We don't always turn out like our parents. Sometimes we become even better. How this happens is the subject of a new research project at the University of Gothenburg.
When two gene pools combine, you might expect the characteristics of the offspring to end up somewhere in the middle between those of its parents. But children often have characteristics that are better or worse than that middle value, sometimes even better than both parents.
This is not a newly-recognized phenomenon. Indeed, it has been exploited to breed better horses, redder tomatoes, more nutritious rice, and salmon that can thrive in fish farms, to mention but a few examples.
Heterosis is the scientific term for being better than your parents. Why does heterosis occur? What is the molecular mechanism? How common is it? How can we make it happen more often and to greater effect? Researchers at the Department of Cell and Molecular Biology at the University of Gothenburg and the Norwegian University of Life Sciences outside Oslo are aiming to find answers to these questions in a new research project.
Using baker's yeast as a model, Jonas Warringer and his colleague Stig Omholt are mapping the incidence of heterosis for a large number of different characteristics. They hope to discover the mechanisms in human cells that govern the creation of children with characteristics sometimes superior to those of their parents. They are initially studying yeast cells - in which the mechanism has already been established.

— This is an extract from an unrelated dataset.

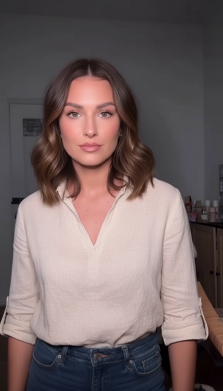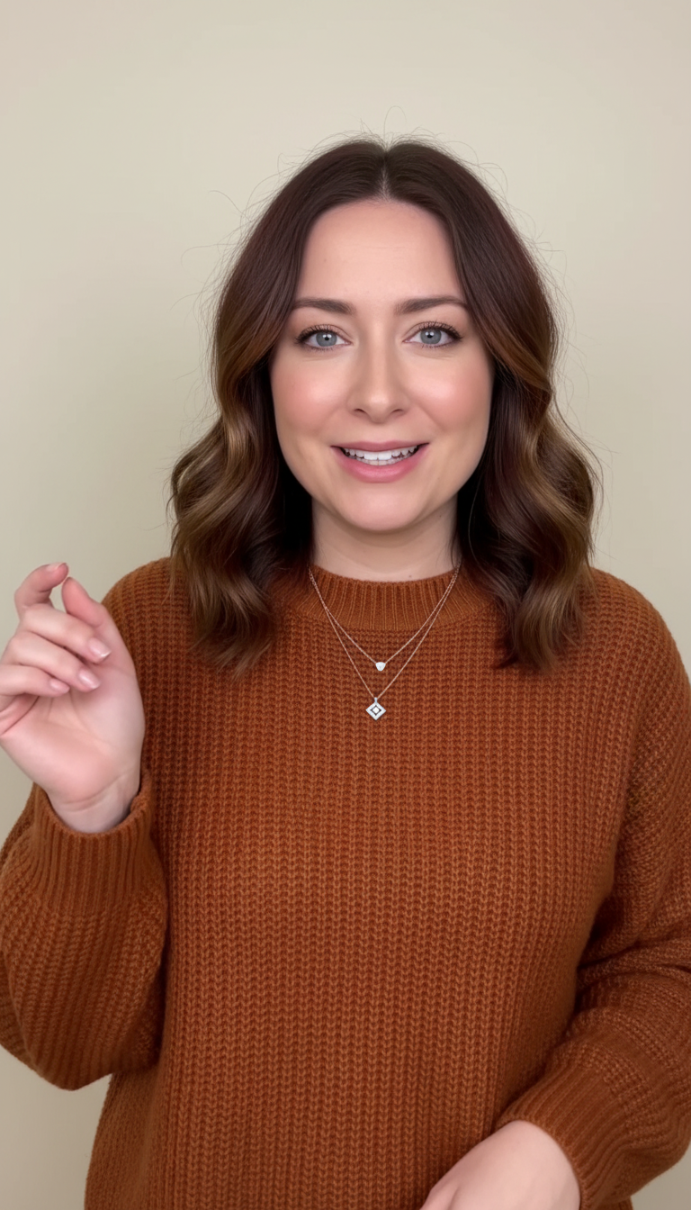 The woman with shoulder-length wavy brown hair holds a jar and follows a defined hand-motion path.
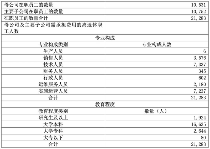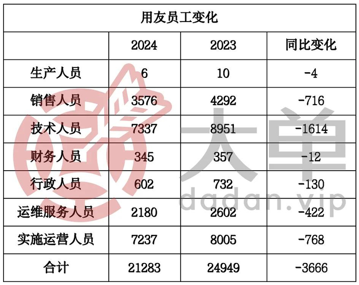 报告期内,用友进一步优化业务组织,继续控制人员规模、优化人员结构。报告期末,员工数量为 21,283 人,较 2023 年末减少 3,666 人。

In their first studies, Warringer and Omholt have shown how heterosis has enabled brewer's yeast to develop tolerance to copper, something that helps the yeast to survive in the large copper tanks used in the brewing industry. After some of the results where published in Nature in March this year, the interest in Warringers and Omholts research has increased.
"Once we understand how heterosis occurs, breeding can be controlled so that we can selectively promote desirable characteristics in plants and animals more quickly and effectively. This could help in the fight against famine, help us develop new biofuels for cars, and possibly, in the distant future, make it possible to create a functioning ecosystem on Mars - without having to resort to genetic modification," says Jonas Warringer.
Source: University of Gothenburg (news : web)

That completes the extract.